Figure 2 - A service being overwhelmed by a large number of concurrent requests from instances of a web app

To resolve this, you can use a queue to level the load between the application instances and the data store. An Azure Functions app reads the messages from the queue and performs the read/write requests to the data store. The application logic in the function app can control the rate at which it passes requests to the data store, to prevent the store from being overwhelmed. (Otherwise the function app will just re-introduce the same problem at the back end.)

Figure 3 - Using a queue and a function app to level the load

Next steps

The following guidance might also be relevant when implementing this pattern:

  • Asynchronous Messaging Primer. Message queues are inherently asynchronous. It might be necessary to redesign the application logic in a task if it's adapted from communicating directly with a service to using a message queue. Similarly, it might be necessary to refactor a service to accept requests from a message queue. Alternatively, it might be possible to implement a proxy service, as described in the example.

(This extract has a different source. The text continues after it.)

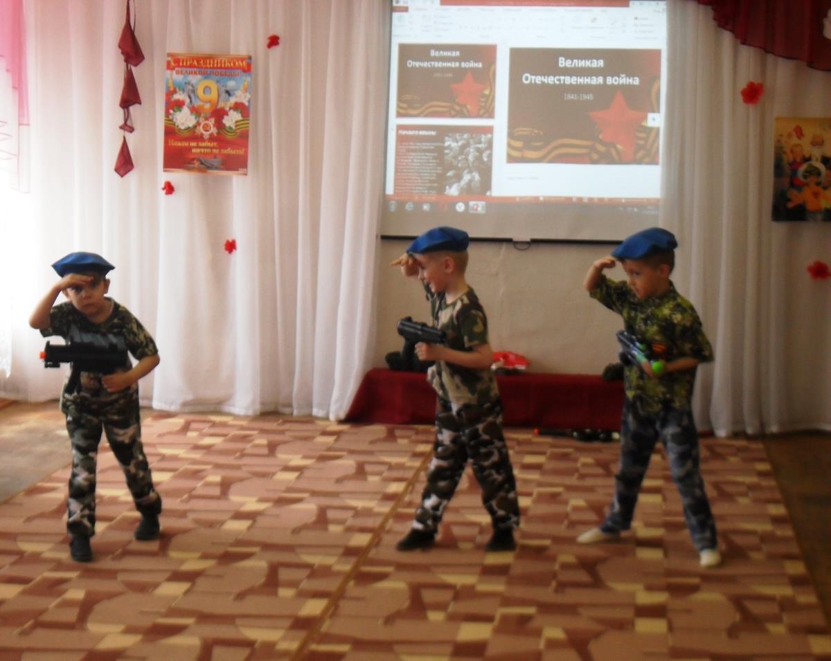 Работая в детском саду музыкальным руководителем в рамках гражданско – патриотического воспитания с детьми старшего возраста провожу много разных мероприятий, посвященных Дню Победы: «Военный парад дошколят», «Чтим и помним», «Жди меня», «Слава Великой Победе». Дети учат стихи и песни военного времени.

  • Choose between Azure messaging services. Information about choosing a messaging and queuing mechanism in Azure applications.

  • Asynchronous message-based communication.

  • Web-Queue-Worker architecture style. The web and worker are both stateless. Session state can be stored in a distributed cache. Any long-running work is done asynchronously by the worker. The worker can be triggered by messages on the queue, or run on a schedule for batch processing.

The following patterns might also be relevant when implementing this pattern:

  • Competing Consumers pattern. It might be possible to run multiple instances of a service, each acting as a message consumer from the load-leveling queue. You can use this approach to adjust the rate at which messages are received and passed to a service.

  • Throttling pattern. A simple way to implement throttling with a service is to use queue-based load leveling and route all requests to a service through a message queue. The service can process requests at a rate that ensures that resources required by the service aren't exhausted, and to reduce the amount of contention that could occur.